**Problem details:**
Repeat the data exactly, leaving out any image.

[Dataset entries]
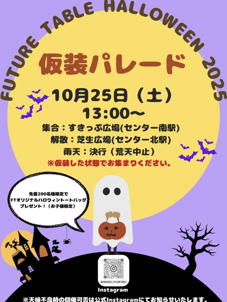 毎年恒例のFT秋の大祭典のHalloween party2025。保護者様、ご兄弟姉妹様はもちろん、FTにご入会されていない保育園のお友達も大歓迎です。ご予約不要です。お気軽にご参加ください。当日先着200名様までFTオリジナルハロウィントートバックプレゼント♪ (お子様限定)みんなでハロウィンを楽しみましょう!
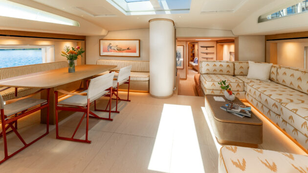 Split level main saloon, with eight person dining table to port and large sofa daybed opposite, with steps leading down to TV snug/lounge. Photo: Oriol Esteve/Photonautic
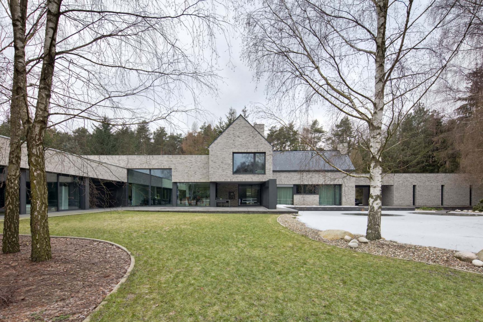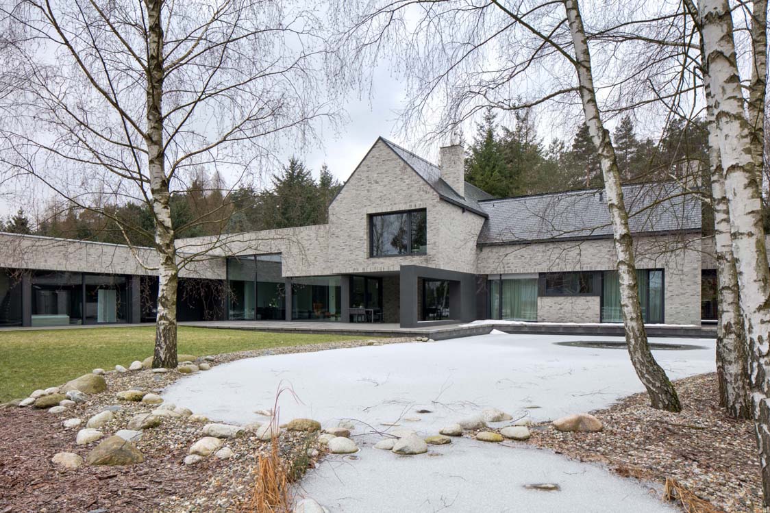 Na działce liczącej 4 000 m² powstał dom o bardzo wyraźnie zarysowanej, rustykalnej architekturze, w którą architekt wplatał zarówno nowoczesne, jak i odważne elementy. Dom powstał pod Łodzią. Centralna bryła budynku nawiązuje do typowej Polskiej Chaty, niemal stodoły – która miała wyglądać tak, jakby zawsze tam stała. Całość została otoczona nowoczesnymi bryłami z płaskim dachem. Dachy wzajemnie się przeplatają, tworząc długi, tytułowy - horyzontalny układ brył. Geometria budynku została ściśle dopasowana do topografii działki, co miało decydujący wpływ na strukturę budynku oraz jej ostateczną, mocną formę. Całość opiera się na silnej zależności pomiędzy budynkiem a oplatającym go krajobrazem.
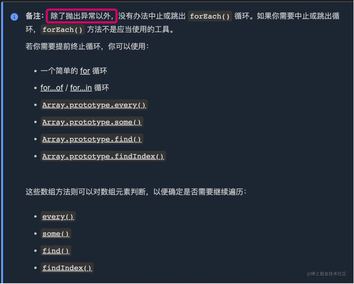到这里我想你已经明白了为什么不能在forEach里使用break了。回到本文的题目上来。
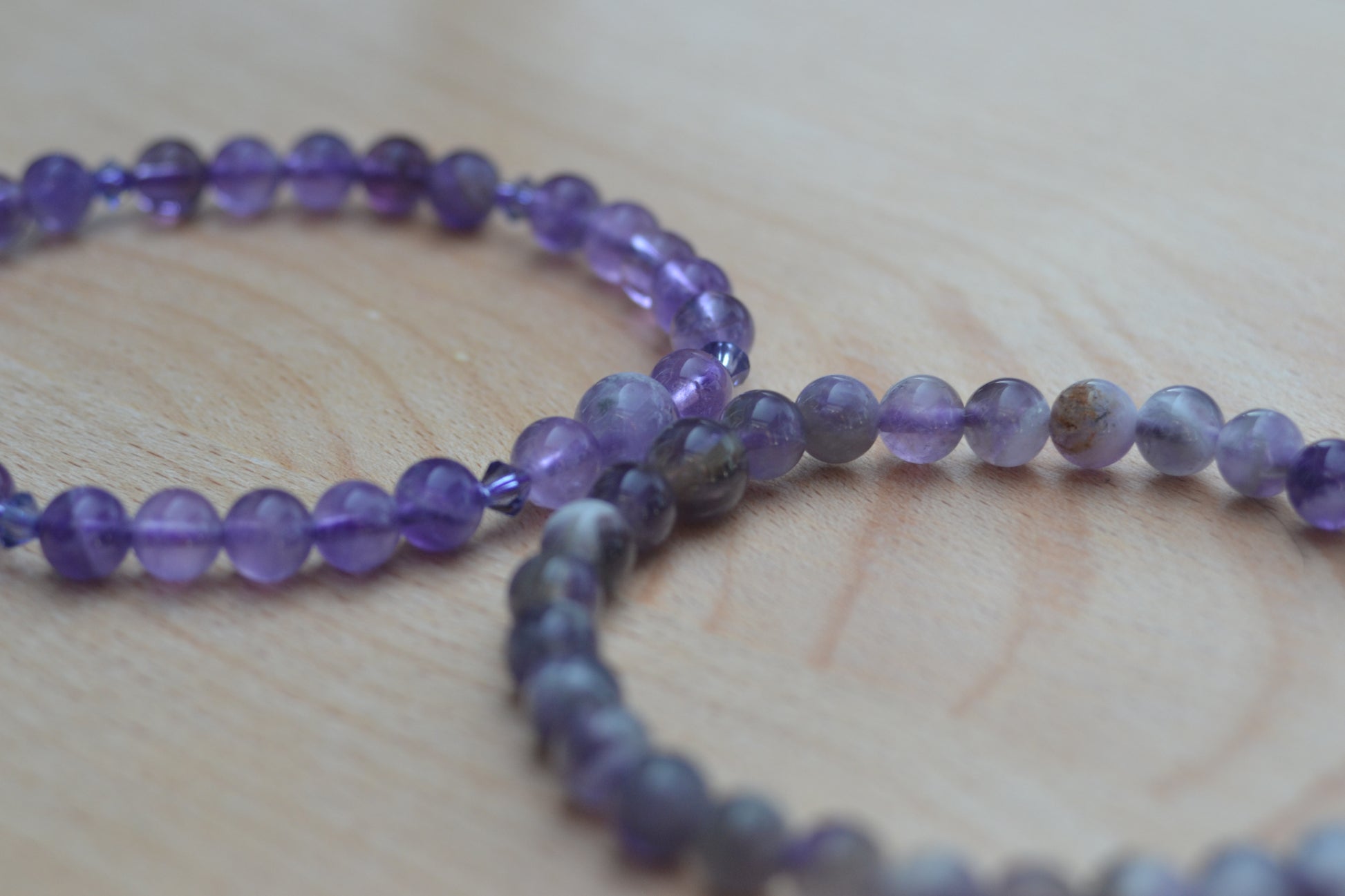 Amethyst → Calm, intuition, spiritual protection, clarity.
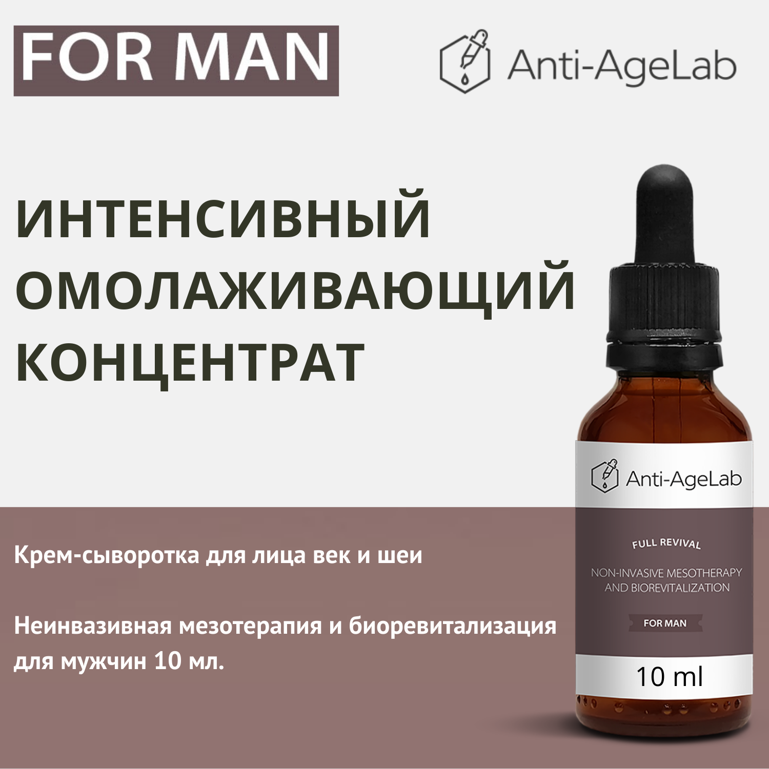 От морщин крем-сыворотка неинвазивная мезотерапия и биоревитализация для мужчин, для лица, области вокруг глаз и шеи 10 мл.. 3 545 ₽
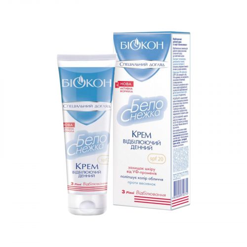 Відбілювальна та захисна дія денного крему Білосніжка визначає сучасний підхід до освітлення шкіри.Екстракт мучниці, дипальмітат койєвої кислоти та вітамін С блокують утворення темного пігменту шкіри — меланіну. Ефективні УФ-фільтри (SPF-20) захищають від УФ-променів, що викликають посилення пігментації та появу веснянок. Оптичне й додаткове освітлення шкіри відбувається завдяки відбілювальній дії екстрактів білої лілії та солодки (гліциризин). Результат: крем запобігає розвитку пігментних плям і веснянок, рівномірно відбілює та покращує колір шкіри, забезпечує профілактику передчасного старіння. Спосіб застосування: нанести на очищену шкіру за 20–30 хвилин до виходу на сонце. Можна використовувати під макіяж.
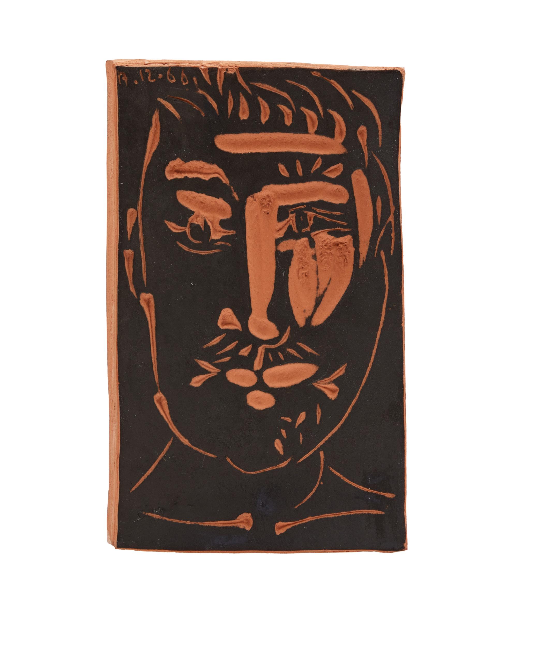 Little Bearded Face (A.R. 557), 1969 partially glazed red earthenware clay plaque numbered 29/100 and inscribed “J 139 A” and stamped “Madoura Plein Feu” and “Empreinte Originale de Picasso” on the reverse 6.5 x 6.5 x 0.75 ins (overall)
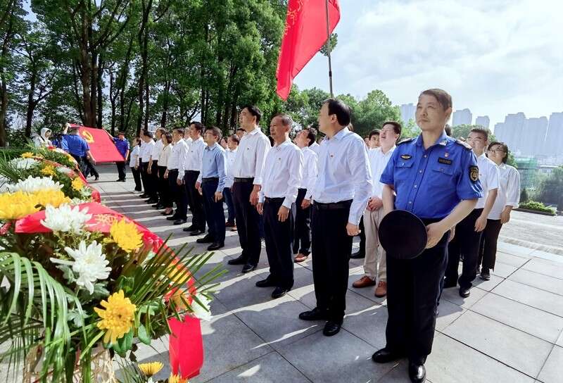 ? ? 在革命烈士紀(jì)念碑前,黨員們進(jìn)行祭奠革命先烈掃墓儀式,由天柱山執(zhí)法大隊(duì)隊(duì)員敬獻(xiàn)花籃,市委常委、天柱山管委會(huì)副主任涂高生、天柱山管委會(huì)副主任余炳陽(yáng)、市文化旅游體育局局長(zhǎng)李桃生、天柱山旅游發(fā)展有限公司董事長(zhǎng)汪全海整理挽聯(lián)。天柱山風(fēng)景區(qū)紀(jì)檢監(jiān)察工委書記江霞帶領(lǐng)大家重溫入黨誓詞,向烈士鞠躬致敬。
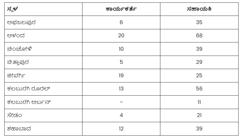 • ಒಟ್ಟು ಹುದ್ದೆಗಳು: 412 (ಕಲಬುರಗಿ ಜಿಲ್ಲೆಯಾದ್ಯಂತ).
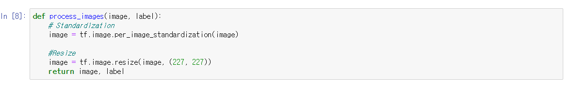 그리고나서, 이미지를 standardize해주고, 이미지 사이즈를 32x32 에서 AlexNet이 사용하는 227x227로 변경해준다.
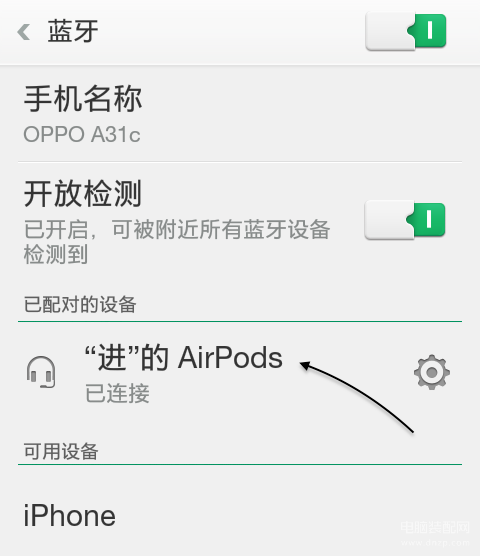 当安卓手机与 AirPods 连接配对成功后,可以看到已连接,如图所示。
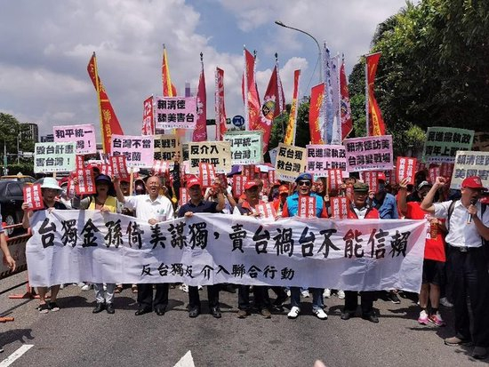 中国台湾网8月11日消息,今日,由60多个岛内政党和团体共同组成的“反‘台独’反介入联合行动”,动员600多人走上台北的凯达格兰大道(简称:凯道),喊出“反‘台独’、救台湾、反介入、要和平”的口号,抗议台湾地区副领导人赖清德借“过境”窜美谋“独”行径,要求重回两岸同属一个中国的“九二共识”,以维护台海和平安全。
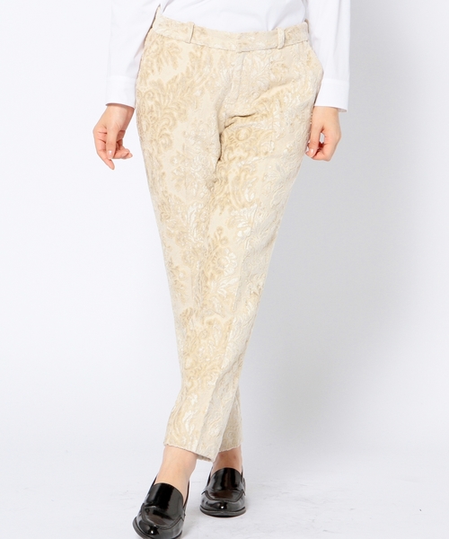 パイルジャカードパンツ☆ 中世の雰囲気漂うパイルジャカードを使用したトラウザーパンツ。オフホワイトのカラーで重くなりすぎないように仕上げました。洗いをかけてカジュアル感を出したのもAnother Editionならではのこだわりの一着です。 ※こちらの商品は同シリーズでジャケットもございます。詳しくは関連商品でご覧ください。 ※着用、お取り扱いの際は商品についておりますアテンションタグ、洗濯ネームを必ずご確認ください。 店舗にお問い合わせの際は、全国のAnother Edition店舗まで 下記の品名/品番をお申し付け下さい。 品名:AET PILE JQ PT 品番:56142991799
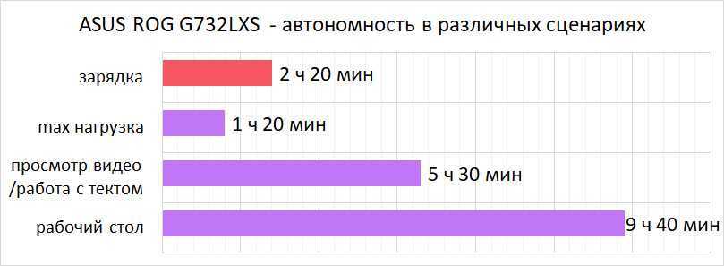 В режиме минимальной нагрузки ASUS ROG Scar 17 G732LXS смог прожить почти 10 часов – неплохой результат для игрового тяжеловеса. Спасает тут возможность переключаться на встроенную графику при малых нагрузках.
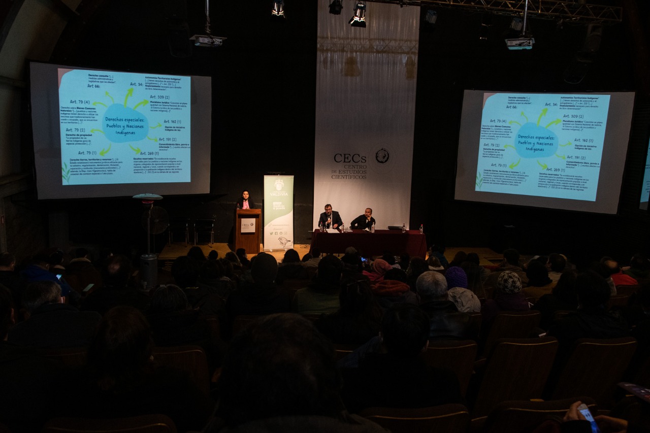 Con aforo completo, fueron 120 las personas que repletaron el auditorio del Centro de Estudios Científicos durante este sábado, con el motivo de escuchar a los constituyentes y académicos que participaron de la primera jornada de difusión organizada por la Municipalidad, en la que desglosaron parte de la propuesta constitucional hecha por la convención, la que será plebiscitada el próximo 4 de septiembre.
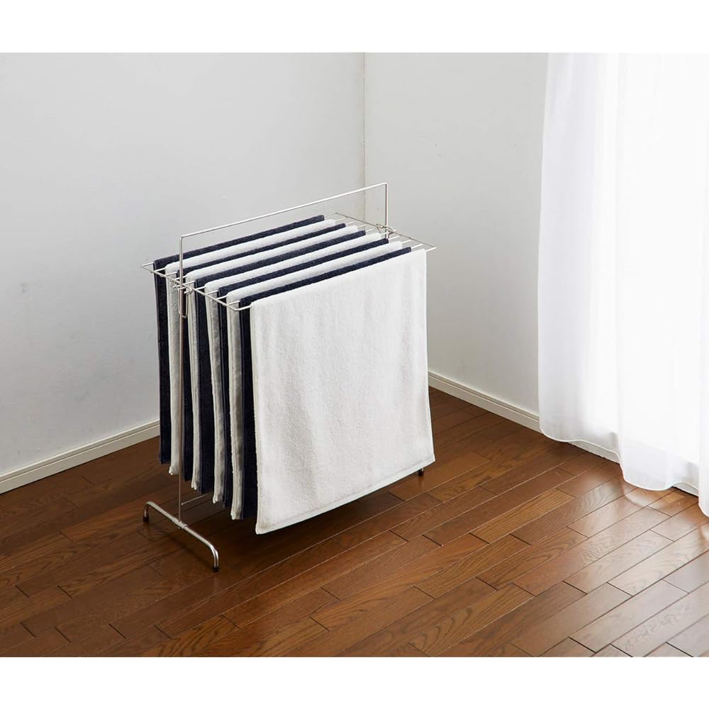 Stainless steel accessory drying stand that can hang plenty of towels and bath towels.A large type that can hang 10 bath towels. When there is not much laundry to be done, you can use only one side. Space can be used effectively. When not in use, the drying section can be folded for compact storage. Made of rust-resistant stainless steel.

**Response area:**
 毎年恒例のFT秋の大祭典のHalloween party2025。保護者様、ご兄弟姉妹様はもちろん、FTにご入会されていない保育園のお友達も大歓迎です。ご予約不要です。お気軽にご参加ください。当日先着200名様までFTオリジナルハロウィントートバックプレゼント♪ (お子様限定)みんなでハロウィンを楽しみましょう!
 Split level main saloon, with eight person dining table to port and large sofa daybed opposite, with steps leading down to TV snug/lounge. Photo: Oriol Esteve/Photonautic
 Na działce liczącej 4 000 m² powstał dom o bardzo wyraźnie zarysowanej, rustykalnej architekturze, w którą architekt wplatał zarówno nowoczesne, jak i odważne elementy. Dom powstał pod Łodzią. Centralna bryła budynku nawiązuje do typowej Polskiej Chaty, niemal stodoły – która miała wyglądać tak, jakby zawsze tam stała. Całość została otoczona nowoczesnymi bryłami z płaskim dachem. Dachy wzajemnie się przeplatają, tworząc długi, tytułowy - horyzontalny układ brył. Geometria budynku została ściśle dopasowana do topografii działki, co miało decydujący wpływ na strukturę budynku oraz jej ostateczną, mocną formę. Całość opiera się na silnej zależności pomiędzy budynkiem a oplatającym go krajobrazem.
到这里我想你已经明白了为什么不能在forEach里使用break了。回到本文的题目上来。
 Amethyst → Calm, intuition, spiritual protection, clarity.
 От морщин крем-сыворотка неинвазивная мезотерапия и биоревитализация для мужчин, для лица, области вокруг глаз и шеи 10 мл.. 3 545 ₽
 Відбілювальна та захисна дія денного крему Білосніжка визначає сучасний підхід до освітлення шкіри.Екстракт мучниці, дипальмітат койєвої кислоти та вітамін С блокують утворення темного пігменту шкіри — меланіну. Ефективні УФ-фільтри (SPF-20) захищають від УФ-променів, що викликають посилення пігментації та появу веснянок. Оптичне й додаткове освітлення шкіри відбувається завдяки відбілювальній дії екстрактів білої лілії та солодки (гліциризин). Результат: крем запобігає розвитку пігментних плям і веснянок, рівномірно відбілює та покращує колір шкіри, забезпечує профілактику передчасного старіння. Спосіб застосування: нанести на очищену шкіру за 20–30 хвилин до виходу на сонце. Можна використовувати під макіяж.
 Little Bearded Face (A.R. 557), 1969 partially glazed red earthenware clay plaque numbered 29/100 and inscribed “J 139 A” and stamped “Madoura Plein Feu” and “Empreinte Originale de Picasso” on the reverse 6.5 x 6.5 x 0.75 ins (overall)
 ? ? 在革命烈士紀(jì)念碑前,黨員們進(jìn)行祭奠革命先烈掃墓儀式,由天柱山執(zhí)法大隊(duì)隊(duì)員敬獻(xiàn)花籃,市委常委、天柱山管委會(huì)副主任涂高生、天柱山管委會(huì)副主任余炳陽(yáng)、市文化旅游體育局局長(zhǎng)李桃生、天柱山旅游發(fā)展有限公司董事長(zhǎng)汪全海整理挽聯(lián)。天柱山風(fēng)景區(qū)紀(jì)檢監(jiān)察工委書記江霞帶領(lǐng)大家重溫入黨誓詞,向烈士鞠躬致敬。
 • ಒಟ್ಟು ಹುದ್ದೆಗಳು: 412 (ಕಲಬುರಗಿ ಜಿಲ್ಲೆಯಾದ್ಯಂತ).
 그리고나서, 이미지를 standardize해주고, 이미지 사이즈를 32x32 에서 AlexNet이 사용하는 227x227로 변경해준다.
 当安卓手机与 AirPods 连接配对成功后,可以看到已连接,如图所示。
 中国台湾网8月11日消息,今日,由60多个岛内政党和团体共同组成的“反‘台独’反介入联合行动”,动员600多人走上台北的凯达格兰大道(简称:凯道),喊出“反‘台独’、救台湾、反介入、要和平”的口号,抗议台湾地区副领导人赖清德借“过境”窜美谋“独”行径,要求重回两岸同属一个中国的“九二共识”,以维护台海和平安全。
 パイルジャカードパンツ☆ 中世の雰囲気漂うパイルジャカードを使用したトラウザーパンツ。オフホワイトのカラーで重くなりすぎないように仕上げました。洗いをかけてカジュアル感を出したのもAnother Editionならではのこだわりの一着です。 ※こちらの商品は同シリーズでジャケットもございます。詳しくは関連商品でご覧ください。 ※着用、お取り扱いの際は商品についておりますアテンションタグ、洗濯ネームを必ずご確認ください。 店舗にお問い合わせの際は、全国のAnother Edition店舗まで 下記の品名/品番をお申し付け下さい。 品名:AET PILE JQ PT 品番:56142991799
 В режиме минимальной нагрузки ASUS ROG Scar 17 G732LXS смог прожить почти 10 часов – неплохой результат для игрового тяжеловеса. Спасает тут возможность переключаться на встроенную графику при малых нагрузках.
 Con aforo completo, fueron 120 las personas que repletaron el auditorio del Centro de Estudios Científicos durante este sábado, con el motivo de escuchar a los constituyentes y académicos que participaron de la primera jornada de difusión organizada por la Municipalidad, en la que desglosaron parte de la propuesta constitucional hecha por la convención, la que será plebiscitada el próximo 4 de septiembre.
 Stainless steel accessory drying stand that can hang plenty of towels and bath towels.A large type that can hang 10 bath towels. When there is not much laundry to be done, you can use only one side. Space can be used effectively. When not in use, the drying section can be folded for compact storage. Made of rust-resistant stainless steel.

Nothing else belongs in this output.